EXERCISE BRIEF ::
Every line in the records below between the one holding "Annetaan 2 kpl" and the one holding "Американская актриса Скарлетт", inclusive, is to be set down exactly; all other lines are to be left out.

INPUT START

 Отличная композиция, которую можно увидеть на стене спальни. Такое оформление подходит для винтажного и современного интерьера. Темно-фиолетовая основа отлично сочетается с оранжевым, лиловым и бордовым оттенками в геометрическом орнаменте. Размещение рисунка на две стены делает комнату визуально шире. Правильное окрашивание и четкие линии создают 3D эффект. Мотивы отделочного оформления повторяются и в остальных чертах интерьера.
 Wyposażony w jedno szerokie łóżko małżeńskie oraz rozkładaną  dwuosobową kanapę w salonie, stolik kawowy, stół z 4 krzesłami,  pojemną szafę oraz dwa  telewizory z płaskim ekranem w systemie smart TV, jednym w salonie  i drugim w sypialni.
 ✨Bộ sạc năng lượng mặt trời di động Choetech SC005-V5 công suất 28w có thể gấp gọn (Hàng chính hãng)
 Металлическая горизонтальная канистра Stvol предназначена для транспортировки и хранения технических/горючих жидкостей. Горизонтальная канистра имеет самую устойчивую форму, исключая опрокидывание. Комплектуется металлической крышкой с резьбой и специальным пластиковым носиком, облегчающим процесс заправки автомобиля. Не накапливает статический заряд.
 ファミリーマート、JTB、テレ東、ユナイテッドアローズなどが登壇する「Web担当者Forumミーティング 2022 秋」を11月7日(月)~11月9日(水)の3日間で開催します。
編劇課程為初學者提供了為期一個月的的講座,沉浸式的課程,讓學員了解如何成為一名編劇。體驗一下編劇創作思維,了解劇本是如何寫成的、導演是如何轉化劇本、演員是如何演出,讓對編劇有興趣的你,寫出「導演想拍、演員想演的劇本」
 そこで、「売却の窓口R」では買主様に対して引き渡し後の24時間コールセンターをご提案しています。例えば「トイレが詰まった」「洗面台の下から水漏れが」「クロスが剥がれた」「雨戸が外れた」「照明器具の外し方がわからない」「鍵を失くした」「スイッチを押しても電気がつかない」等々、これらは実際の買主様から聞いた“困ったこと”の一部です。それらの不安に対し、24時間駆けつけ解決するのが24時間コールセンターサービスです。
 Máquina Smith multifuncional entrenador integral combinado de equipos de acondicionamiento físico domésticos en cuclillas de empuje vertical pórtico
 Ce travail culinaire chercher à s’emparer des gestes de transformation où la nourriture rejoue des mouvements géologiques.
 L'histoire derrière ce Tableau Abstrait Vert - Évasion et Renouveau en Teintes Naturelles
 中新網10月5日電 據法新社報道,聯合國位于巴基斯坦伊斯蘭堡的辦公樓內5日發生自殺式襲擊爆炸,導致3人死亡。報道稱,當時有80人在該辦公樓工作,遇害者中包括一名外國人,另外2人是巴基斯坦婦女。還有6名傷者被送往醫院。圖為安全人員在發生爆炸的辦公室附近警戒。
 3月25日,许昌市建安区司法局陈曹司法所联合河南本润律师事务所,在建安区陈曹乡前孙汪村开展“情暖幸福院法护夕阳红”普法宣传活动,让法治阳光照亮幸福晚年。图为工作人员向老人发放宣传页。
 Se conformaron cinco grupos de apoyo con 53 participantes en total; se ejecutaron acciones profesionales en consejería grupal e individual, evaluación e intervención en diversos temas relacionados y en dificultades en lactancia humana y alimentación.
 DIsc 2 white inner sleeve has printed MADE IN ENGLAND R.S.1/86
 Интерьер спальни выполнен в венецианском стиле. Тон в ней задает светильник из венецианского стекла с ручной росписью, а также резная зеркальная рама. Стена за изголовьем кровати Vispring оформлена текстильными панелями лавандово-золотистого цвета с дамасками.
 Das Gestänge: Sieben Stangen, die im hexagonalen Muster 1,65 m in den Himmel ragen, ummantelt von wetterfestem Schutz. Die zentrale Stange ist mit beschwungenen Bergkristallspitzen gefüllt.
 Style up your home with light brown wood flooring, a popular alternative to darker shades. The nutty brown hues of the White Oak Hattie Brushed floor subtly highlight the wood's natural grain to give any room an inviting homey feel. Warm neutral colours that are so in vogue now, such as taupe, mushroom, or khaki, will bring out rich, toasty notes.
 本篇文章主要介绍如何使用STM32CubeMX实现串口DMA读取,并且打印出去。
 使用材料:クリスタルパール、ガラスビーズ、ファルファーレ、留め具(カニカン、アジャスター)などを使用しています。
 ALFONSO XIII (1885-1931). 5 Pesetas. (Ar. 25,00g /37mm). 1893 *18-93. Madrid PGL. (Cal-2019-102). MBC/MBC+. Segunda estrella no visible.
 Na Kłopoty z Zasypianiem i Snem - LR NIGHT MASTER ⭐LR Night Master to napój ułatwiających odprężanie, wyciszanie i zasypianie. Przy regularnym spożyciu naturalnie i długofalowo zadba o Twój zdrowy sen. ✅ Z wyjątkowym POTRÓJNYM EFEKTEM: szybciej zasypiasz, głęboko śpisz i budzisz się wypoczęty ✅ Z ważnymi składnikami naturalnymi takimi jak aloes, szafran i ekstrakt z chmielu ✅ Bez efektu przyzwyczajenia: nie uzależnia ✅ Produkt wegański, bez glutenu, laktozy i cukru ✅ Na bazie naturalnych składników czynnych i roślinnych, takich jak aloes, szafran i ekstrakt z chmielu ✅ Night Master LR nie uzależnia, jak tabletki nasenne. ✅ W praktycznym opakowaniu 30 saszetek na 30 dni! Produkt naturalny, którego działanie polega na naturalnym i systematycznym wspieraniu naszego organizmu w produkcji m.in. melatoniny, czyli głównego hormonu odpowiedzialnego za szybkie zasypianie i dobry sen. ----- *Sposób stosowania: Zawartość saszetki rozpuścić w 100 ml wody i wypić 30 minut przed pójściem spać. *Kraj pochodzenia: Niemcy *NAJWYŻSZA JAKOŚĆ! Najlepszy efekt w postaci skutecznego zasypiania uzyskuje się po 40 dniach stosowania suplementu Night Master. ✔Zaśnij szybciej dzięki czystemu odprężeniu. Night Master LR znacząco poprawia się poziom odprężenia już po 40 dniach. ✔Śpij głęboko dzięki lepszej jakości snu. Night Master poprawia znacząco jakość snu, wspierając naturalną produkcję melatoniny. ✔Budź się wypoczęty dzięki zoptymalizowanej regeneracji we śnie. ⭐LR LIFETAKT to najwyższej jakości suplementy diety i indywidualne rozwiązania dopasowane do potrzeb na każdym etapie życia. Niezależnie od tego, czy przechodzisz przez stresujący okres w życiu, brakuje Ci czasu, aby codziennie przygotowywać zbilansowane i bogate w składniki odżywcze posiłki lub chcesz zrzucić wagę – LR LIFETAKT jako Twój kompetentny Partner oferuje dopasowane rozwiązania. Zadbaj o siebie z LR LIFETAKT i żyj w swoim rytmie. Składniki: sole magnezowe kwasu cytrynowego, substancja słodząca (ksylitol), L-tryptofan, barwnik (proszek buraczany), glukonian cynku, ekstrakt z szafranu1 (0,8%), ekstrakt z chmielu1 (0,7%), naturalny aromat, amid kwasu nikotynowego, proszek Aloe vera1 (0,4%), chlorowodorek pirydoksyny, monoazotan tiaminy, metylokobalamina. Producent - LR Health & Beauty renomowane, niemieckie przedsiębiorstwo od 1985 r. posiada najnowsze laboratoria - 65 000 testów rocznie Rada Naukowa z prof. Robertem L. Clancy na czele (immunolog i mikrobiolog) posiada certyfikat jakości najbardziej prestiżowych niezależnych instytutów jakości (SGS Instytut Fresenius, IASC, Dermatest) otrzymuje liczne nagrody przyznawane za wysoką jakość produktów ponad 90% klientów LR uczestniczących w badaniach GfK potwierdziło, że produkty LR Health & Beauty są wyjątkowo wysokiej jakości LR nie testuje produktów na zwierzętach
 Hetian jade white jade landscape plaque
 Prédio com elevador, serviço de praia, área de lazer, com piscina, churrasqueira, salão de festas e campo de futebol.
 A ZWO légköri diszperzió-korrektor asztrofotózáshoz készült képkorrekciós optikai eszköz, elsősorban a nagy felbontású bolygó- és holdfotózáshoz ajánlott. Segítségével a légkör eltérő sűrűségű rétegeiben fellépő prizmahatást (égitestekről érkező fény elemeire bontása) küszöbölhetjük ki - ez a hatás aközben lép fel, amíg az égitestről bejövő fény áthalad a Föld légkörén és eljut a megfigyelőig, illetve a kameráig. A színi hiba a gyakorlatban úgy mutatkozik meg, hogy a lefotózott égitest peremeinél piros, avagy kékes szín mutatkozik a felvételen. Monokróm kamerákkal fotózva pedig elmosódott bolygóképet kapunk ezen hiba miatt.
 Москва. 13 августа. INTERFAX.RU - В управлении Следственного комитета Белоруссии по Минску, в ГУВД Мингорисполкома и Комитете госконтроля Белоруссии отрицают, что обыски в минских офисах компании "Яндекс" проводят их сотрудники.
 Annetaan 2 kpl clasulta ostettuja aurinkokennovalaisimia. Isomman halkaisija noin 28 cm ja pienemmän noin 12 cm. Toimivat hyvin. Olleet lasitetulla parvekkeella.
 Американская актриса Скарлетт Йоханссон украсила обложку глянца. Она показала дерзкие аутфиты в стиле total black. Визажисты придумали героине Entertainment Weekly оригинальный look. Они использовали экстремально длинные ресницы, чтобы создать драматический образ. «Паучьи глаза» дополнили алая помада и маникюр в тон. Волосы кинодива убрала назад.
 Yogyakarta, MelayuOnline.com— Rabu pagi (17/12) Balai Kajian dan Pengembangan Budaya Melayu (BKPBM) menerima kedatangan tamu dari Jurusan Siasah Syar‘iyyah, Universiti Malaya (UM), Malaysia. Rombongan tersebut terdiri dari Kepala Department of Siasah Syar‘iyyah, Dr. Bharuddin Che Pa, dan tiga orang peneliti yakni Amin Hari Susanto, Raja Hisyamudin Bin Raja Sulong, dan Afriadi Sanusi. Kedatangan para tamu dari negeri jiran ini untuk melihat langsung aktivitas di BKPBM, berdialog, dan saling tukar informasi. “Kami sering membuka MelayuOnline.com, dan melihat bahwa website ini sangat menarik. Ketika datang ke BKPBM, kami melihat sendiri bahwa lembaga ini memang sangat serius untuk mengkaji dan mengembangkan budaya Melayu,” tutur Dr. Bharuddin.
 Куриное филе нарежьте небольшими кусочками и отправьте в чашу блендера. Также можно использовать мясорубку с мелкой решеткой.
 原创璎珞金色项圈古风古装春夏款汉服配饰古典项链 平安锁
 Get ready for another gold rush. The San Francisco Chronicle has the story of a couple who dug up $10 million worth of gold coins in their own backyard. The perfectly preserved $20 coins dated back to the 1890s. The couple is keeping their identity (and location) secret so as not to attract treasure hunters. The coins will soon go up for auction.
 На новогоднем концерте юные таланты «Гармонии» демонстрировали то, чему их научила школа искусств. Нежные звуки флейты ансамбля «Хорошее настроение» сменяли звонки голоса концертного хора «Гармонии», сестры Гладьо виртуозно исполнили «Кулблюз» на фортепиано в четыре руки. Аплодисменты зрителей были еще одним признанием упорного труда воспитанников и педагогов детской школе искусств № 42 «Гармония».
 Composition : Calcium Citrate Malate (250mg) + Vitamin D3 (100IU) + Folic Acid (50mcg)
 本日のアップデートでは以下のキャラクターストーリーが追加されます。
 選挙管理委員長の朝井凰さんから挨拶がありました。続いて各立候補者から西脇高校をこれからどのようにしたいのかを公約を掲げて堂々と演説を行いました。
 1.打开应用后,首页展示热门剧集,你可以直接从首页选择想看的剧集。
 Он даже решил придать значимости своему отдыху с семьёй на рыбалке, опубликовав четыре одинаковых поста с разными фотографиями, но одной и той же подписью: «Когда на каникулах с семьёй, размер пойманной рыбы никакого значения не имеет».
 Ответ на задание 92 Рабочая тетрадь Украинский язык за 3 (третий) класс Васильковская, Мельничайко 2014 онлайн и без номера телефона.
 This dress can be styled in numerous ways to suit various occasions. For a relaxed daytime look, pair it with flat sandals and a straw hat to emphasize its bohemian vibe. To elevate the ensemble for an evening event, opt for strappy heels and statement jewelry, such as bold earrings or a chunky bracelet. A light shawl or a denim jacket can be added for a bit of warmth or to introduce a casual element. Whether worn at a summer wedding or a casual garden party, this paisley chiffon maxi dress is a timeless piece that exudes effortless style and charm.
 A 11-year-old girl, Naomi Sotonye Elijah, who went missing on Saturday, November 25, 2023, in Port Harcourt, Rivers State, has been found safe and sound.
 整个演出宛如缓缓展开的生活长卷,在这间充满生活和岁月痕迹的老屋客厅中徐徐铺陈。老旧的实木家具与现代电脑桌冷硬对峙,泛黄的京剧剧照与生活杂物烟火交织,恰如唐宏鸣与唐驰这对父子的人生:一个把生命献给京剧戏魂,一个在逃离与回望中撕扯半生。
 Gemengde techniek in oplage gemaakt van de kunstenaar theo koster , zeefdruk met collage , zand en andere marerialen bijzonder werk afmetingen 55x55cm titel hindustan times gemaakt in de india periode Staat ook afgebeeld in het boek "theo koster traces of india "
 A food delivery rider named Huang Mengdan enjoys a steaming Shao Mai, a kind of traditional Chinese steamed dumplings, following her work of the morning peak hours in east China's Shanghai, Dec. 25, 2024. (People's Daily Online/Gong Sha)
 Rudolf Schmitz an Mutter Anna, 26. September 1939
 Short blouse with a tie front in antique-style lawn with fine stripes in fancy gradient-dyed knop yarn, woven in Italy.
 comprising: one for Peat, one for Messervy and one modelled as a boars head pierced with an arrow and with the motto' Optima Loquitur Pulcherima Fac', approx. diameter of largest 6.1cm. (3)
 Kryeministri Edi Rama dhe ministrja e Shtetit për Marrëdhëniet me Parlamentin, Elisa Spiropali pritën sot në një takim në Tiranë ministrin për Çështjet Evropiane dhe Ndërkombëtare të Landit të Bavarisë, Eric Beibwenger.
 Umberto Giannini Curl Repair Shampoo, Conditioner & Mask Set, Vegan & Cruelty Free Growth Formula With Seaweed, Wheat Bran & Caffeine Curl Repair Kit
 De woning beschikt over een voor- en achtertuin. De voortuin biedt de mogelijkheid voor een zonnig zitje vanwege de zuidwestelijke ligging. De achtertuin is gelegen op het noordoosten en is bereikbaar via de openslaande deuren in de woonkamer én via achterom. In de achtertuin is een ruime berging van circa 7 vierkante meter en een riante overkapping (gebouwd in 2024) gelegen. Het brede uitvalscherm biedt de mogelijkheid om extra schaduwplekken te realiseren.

INPUT END

EXERCISE RESULT ::
 Annetaan 2 kpl clasulta ostettuja aurinkokennovalaisimia. Isomman halkaisija noin 28 cm ja pienemmän noin 12 cm. Toimivat hyvin. Olleet lasitetulla parvekkeella.
 Американская актриса Скарлетт Йоханссон украсила обложку глянца. Она показала дерзкие аутфиты в стиле total black. Визажисты придумали героине Entertainment Weekly оригинальный look. Они использовали экстремально длинные ресницы, чтобы создать драматический образ. «Паучьи глаза» дополнили алая помада и маникюр в тон. Волосы кинодива убрала назад.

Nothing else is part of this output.